Variable Editor Dialog

After clicking on the “Edit all variables” button in the top-left corner of the editor, you will see the main variable editor dialog, which will look something like this:

Variable editor dialog

This table will show you the union of all variables provided by all analysis drivers; this allows you to identify variables that might be compatible with one analysis driver but not another.

To categorize one of the variables as the control variable, you must change its type to discrete_state_set > integer. To achieve this, choose your control variable from the list, then click on the “Edit Variable” button in the top-left corner. If presented with a choice, choose “Edit this variable for all blocks.”

Choose discrete_state_set from the dropdown, and configure the variable with a set of integer-valued levels, according to your desired control levels for the model:

Discrete state set with elements


You can alternately specify levels in the level/cost table of the main MLMF study editor.

Click OK to save your changes.

Once you have defined at least one variable as a discrete_state_set type, you may close the entire variable editor dialog and return to the main MLMF editor. There, you can choose one of the variables you previously defined as control variables from the “Solution level control variable” dropdown:

Choose your control variable

Setting Costs Associated with Levels

Levels and costs

You must inform Dakota about the relative cost associated with each level of your model. You can directly edit the cost values in the level/cost table by double-clicking on the cells in the “Cost” column:

Example costs

You can also add new levels by right-clicking the table and choosing “Add Row Before” or “Add Row After.”

Selecting a Method

Method recipes

The last step is to choose a method recipe (i.e. a fully-configured method block with reasonable defaults) from the “Method Recipe” dropdown. Each of these method recipes is slightly different. You can learn about the different Dakota methods being invoked by consulting the method section.

Strategy for MLMF Studies

1. Preview the Dakota input file

Pressing the Preview button with the magnifying glass icon will generate a Dakota study reflecting the MLMF study configuration as depicted here.

Previewing an MLMF Study

This permits review and optional editing in the full Dakota editors as needed.
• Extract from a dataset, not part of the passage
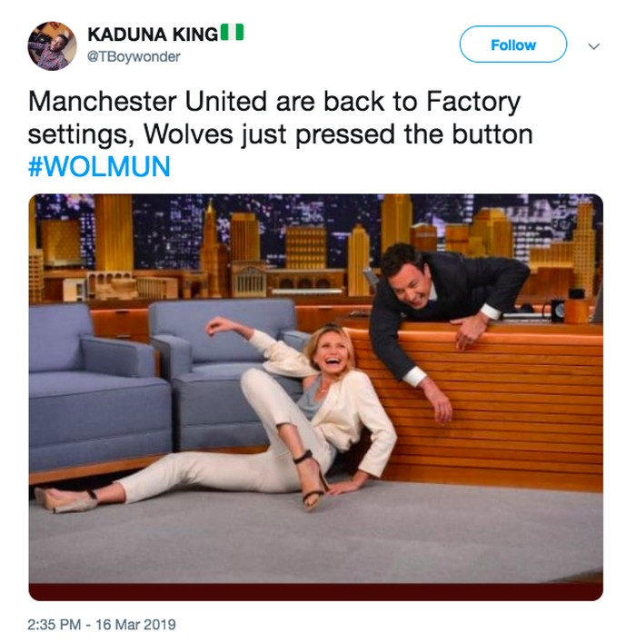 Dikatakan meme ini MU sudah kembali seperti semula alias mudah kalah, direset ke factory setting oleh Wolves. Foto: istimewa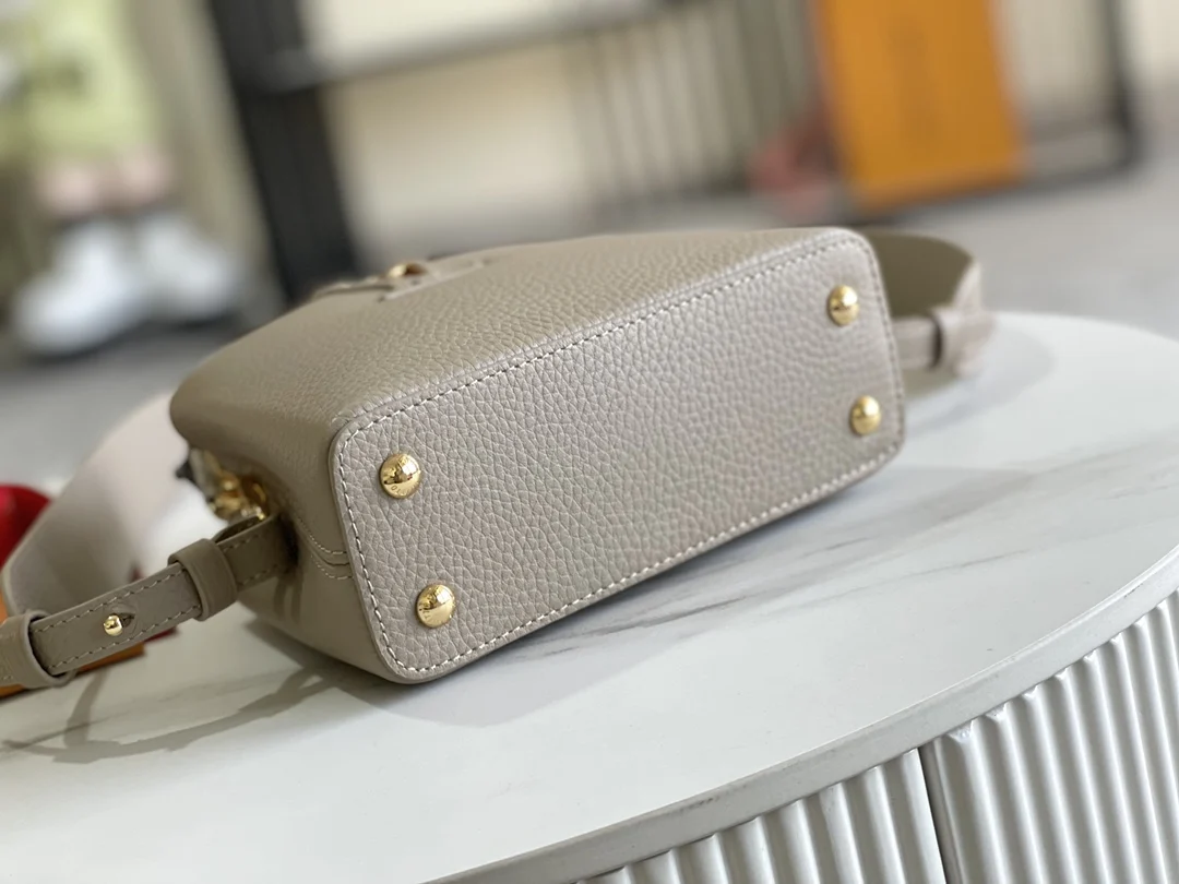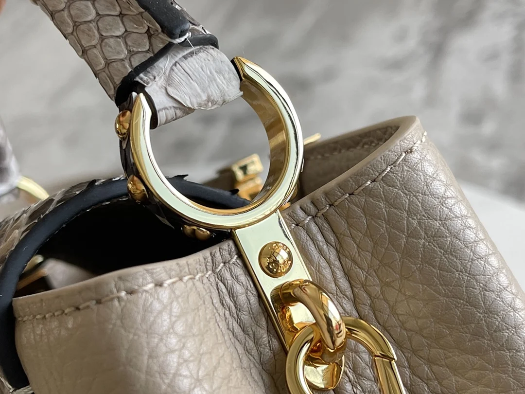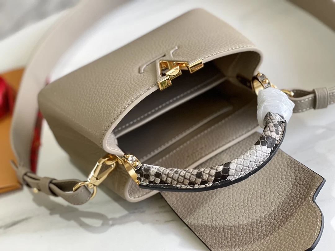 163 芯片 特级精品原厂皮 M80041浅咖配蟒蛇金扣 本款 Capucines 迷你手袋取材深染 Taurillon 皮革 以华丽蟒蛇皮点缀手柄和翻盖 无论手提或系上宽肩带肩背 均可在任意场合释放瞩目格调

2. Perform a UQ pilot Study

Typically, you will run a single iteration of the UQ study, known as a “pilot study” with the Dakota method in pilot_projection mode to:

  1. Verify the mapping of variables through interfaces to responses;

  2. Refine simulation model cost estimates; and

  3. Assess correlation among the various models in the hierarchy and consequently which MLMF method might be most efficient.

The emerging Project Estimator Performance action will generate plots comparing potential multifidelity UQ estimators applicable to the configured model set, as demonstrated here:

Projecting estimator performance

3. Analyze correlations

To analyze the model correlation, press the “Plot Correlations” button.


This button is currently disabled, as the MLMF editor is still under development, and MLMF correlation plotting has not yet been implemented.

4. Perform final UQ study

Finally, specify a function evaluation or iteration budget, or convergence tolerance, and run it like any other Dakota study.